実際には、左右に回転する力は、足で地面を押すことから生み出されるため、砂に埋まった状態は、ちょっと違うのですが、動く場所の説明としては、わかりやすいです。

 

でも、たいていの人の背骨は動いていません。関節のない、鉄の棒のようです。

 

「え?体、左右に回るよ?」と思う方もいらっしゃると思いますが、骨盤から回している方が多く、それでは背骨は雑巾絞りのようにねじれてはいません。

 

背骨には、関節がたくさんあります。上から、頚椎7(首の部分)、胸椎12(胸の部分)、腰椎5(腰の部分)、仙骨、尾骨です。

 

もし棒でよいのであれば、進化の過程で関節はひとつにつながったかもしれません。実際、2足歩行になったとき、体を立たせるために、大きな骨が必要だったためか、背骨を5つくらいつなげて仙骨にした、と聞いたことがあります。

 

背骨に関節がたくさんあることは、バラバラに使う前提なのだと思いますが、宝の持ち腐れの方も多いようです。

 

使っていないと、硬くなります。錆びついてしまい、老化にもつながります。

 

「老化は、仕方ないよね」と思うかもしれませんが、もともとの体の能力に対して、老化のスピードが速すぎる気がします。

 

何もせずに諦めては、だめです。本当は、みんなもっと若々しくいられます。そのために太極拳は、関節の隙間を空けながら、動かしていきます。

 

今回、例にあげたのは、背骨が下からスクリューのようにねじれて、上がってくる動きです。

 

こんな回転が中心に起きたら、まわりには渦が生まれますよね。これが、円運動につながります。

 

 

動画のひとつ目は、武当五行六合功の「随波従流」です。意味は、波に従い、流れに乗る、です。海岸に、波が打ち寄せては引いていくイメージですが、バランス(調和)を取るために、打ち寄せる(陽:前に上がっていく手)と引く(陰:後ろに下がっていく手)が同時に起きています。

 

立ち姿勢で、腕が動いているだけに見えますが、実際は全身運動です。

 

足で地面を押すことで、上に向かう力が生まれ、背骨に到達したときに背骨がねじのように回りながら、上に上がっていきます。時計回りの回転なら、左腕が上がります。反時計回りのときは、右腕が上がります。

 

ふたつ目は、武当三十六式太極拳の第十二式「黒虎巡山」です。黒い虎が山をめぐる、という意味です。足を踏み出して両手を前に押し出す動作は、虎の動作のひとつです。

 

最初の部分の背骨の動きを解説すると、次のようになります。

 

1.右足と右手を前に出す(左手は上がる)

 

2.左足(後ろの足)で地面を押して、前足に重心が移動しながら、上に向かう力が生まれ、

  背骨が下からくるくる回りながら回転が上がっていく。

  その渦に乗るように、腕が動く

 

動画の、55〜58秒あたりは、背骨が回っている動きが、少しわかるかもしれません。

 

背骨がくるくる回らなくても、外見的な動きを作ることはできると思いますが、体の中で起きていることは、全然違います。

 

背骨がくるくる回って渦が生み出されると、体の奥の深いところから動きます。
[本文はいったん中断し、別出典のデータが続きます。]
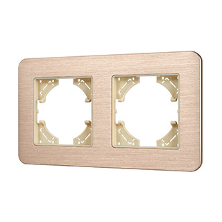 Рамка алюминиевая на 2 поста, под встраиваемый механизм. Цвет - золотой. Среднего уровня герметичности IP20. Ориентация монтажа - горизонтальная (основным ориентиром служат посадочные выступы для накладки механизма).
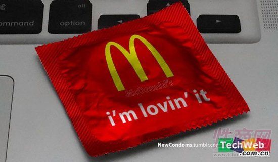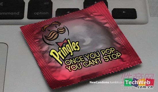 马克思收集了诸如品客薯片,耐克或麦当劳这样的知名品牌的商标,接着,将他们印到避孕套的包装上。这样一来,品客那著名的标语“Once you pop, you can’t stop(原意为:一旦开始吃品客薯片,你就欲罢不能。)”获得了全新的内涵(你懂的) 。
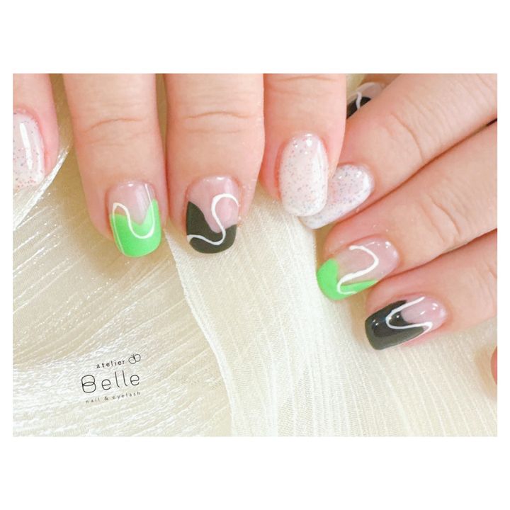 【個性派アートネイル】鮮やかなグリーン×ブラックで視線釘付け!
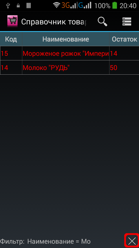 Поясню. Если установить в качестве фильтра в колонке «Наименование» значение «мо», то будет найдено лишь одно значение — «Замок». А если установить «Мо», то удовлетворять этому условию будут два значения — «Молоко «РУДЬ»» и «Мороженое-рожок «Империя»». А «Замок» сюда не попадет.
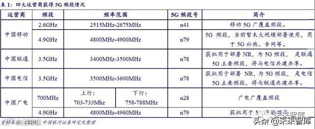 中国电信和中国联通取得 3.4GHz 和 3.6GHz 两个频段。在整个业内来看,主流运营商 用的是 3.5G 频段,虽然覆盖效果不如中国移动,但是好处是带宽大,产业链优势明显。
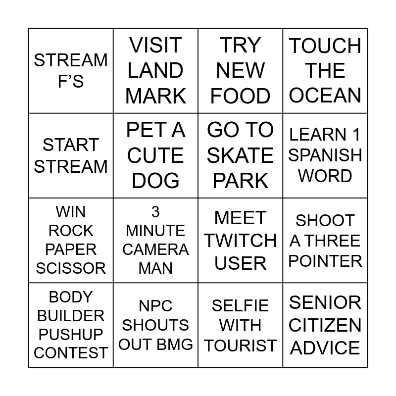 This bingo card has 16 words: NPC SHOUTS OUT BMG, SHOOT A THREE POINTER, TRY NEW FOOD, STREAM F’S, WIN ROCK PAPER SCISSOR, VISIT LAND MARK, MEET TWITCH USER, SELFIE WITH TOURIST, START STREAM, PET A CUTE DOG, BODY BUILDER PUSHUP CONTEST, TOUCH THE OCEAN, 3 MINUTE CAMERA MAN, LEARN 1 SPANISH WORD, GO TO SKATE PARK and SENIOR CITIZEN ADVICE.
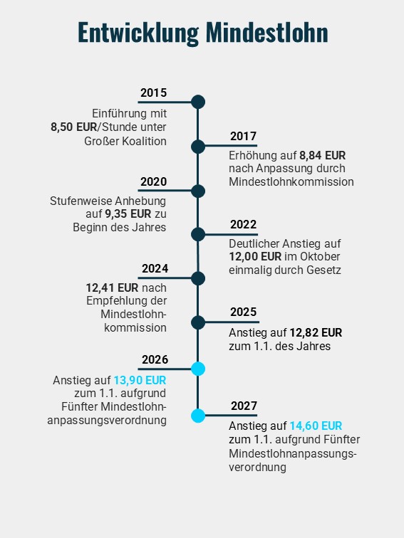 Die Mindestlohnkommission hat alle zwei Jahre über eine Anpassung der Höhe des gesetzlichen Mindestlohns zu beschließen (§ 9 Abs. 1 MiLoG) – heißt also bis zum 30. Juni 2025 für die Jahre 2026 und 2027. Am 27. Juni 2025 erfolgte der fünfte Beschluss mit einer Erhöhung in zwei Stufen (jeweils brutto je Zeitstunde):
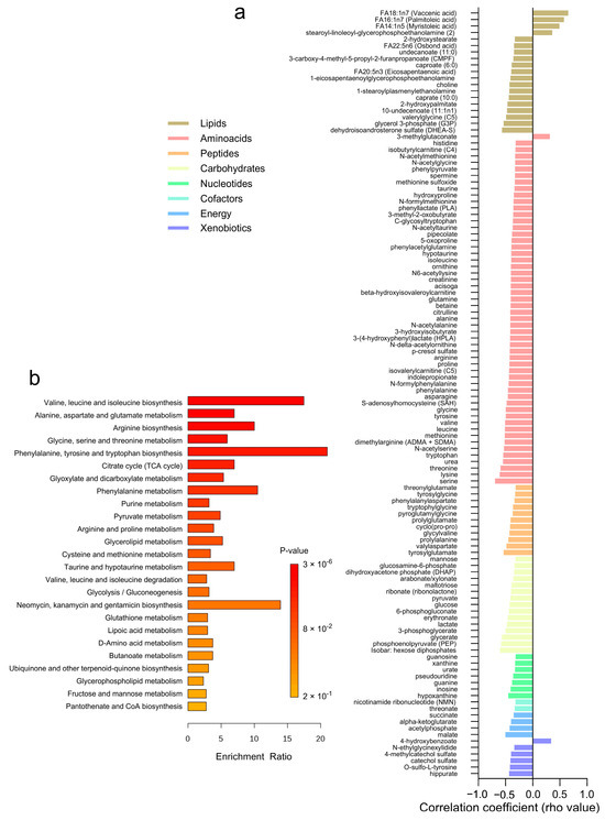 Correlation Analysis of Adipose Tissue Metabolites with Adipocyte Size. (a) A heatmap displaying the correlation coefficients (rho-values) of individual metabolites with adipocyte size. (b) A bar graph showing the enrichment ratio of the top metabolic pathways significantly associated with adipocyte size.
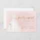 Elegant RSVP cards feature watercolor white wedding dress with sparkle faux gold glitter details on blush pink background.
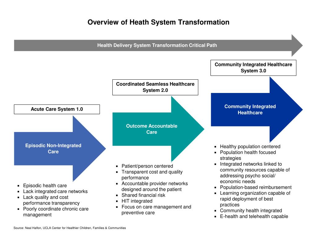 Overview of Heath System Transformation Health Delivery System Transformation Critical Path Community Integrated Healthcare System 3.0 Community Integrated Healthcare Coordinated Seamless Healthcare System 2.0 Outcome Accountable Care Acute Care System 1.0 Episodic Non-Integrated Care • Healthy population centered • Population health focused strategies • Integrated networks linked to community resources capable of addressing psycho social/ economic needs • Population-based reimbursement • Learning organization capable of rapid deployment of best practices • Community health integrated • E-health and telehealth capable • Patient/person centered • Transparent cost and quality performance • Accountable provider networks designed around the patient • Shared financial risk • HIT integrated • Focus on care management and preventive care • Episodic health care • Lack integrated care networks • Lack quality and cost performance transparency • Poorly coordinate chronic care management Source: Neal Halfon, UCLA Center for Healthier Children, Families & Communities

全身が連動して動き、外には渦のような強い力が生まれます。

 

背骨が回らない場合、体の中は動かず、逆に無駄な緊張を生み出してしまいます。それでは、養生になりません。

 

背骨が回ると言っても、くるくる回転もするわけはなく、ほんの少ししか回りません。でも、この少しの回転があるか、ないかで、大きく違います。

 

せっかく太極拳をするなら、これを体験しないのは、いろんな意味で、もったいないです。

 

健康、若々しさ、楽しさ、力強さ、しなやかさ、体力、心のゆとり、みんな違ってきます。

 

背骨が使えることは、まだ眠っている身体能力を引き出すことでもあります。

 

カンフーをする人は「20年たってっも同じ体」と言われます。その違いは、こういうところにあると思っています。

 

日々、関節の隙間を空けて、動かすことで、体の深いところから動かしていき、スペースのある体にしておく人たちと、

 

日々、関節の隙間が縮んで硬くなっていき、老化が進んでいく人たちと、

 

年数がたったとき、大きく違っていても、不思議ではありません。

 

あと2〜30年したら、それを自分で証明できるかもしれないな、と思っています。楽しみです。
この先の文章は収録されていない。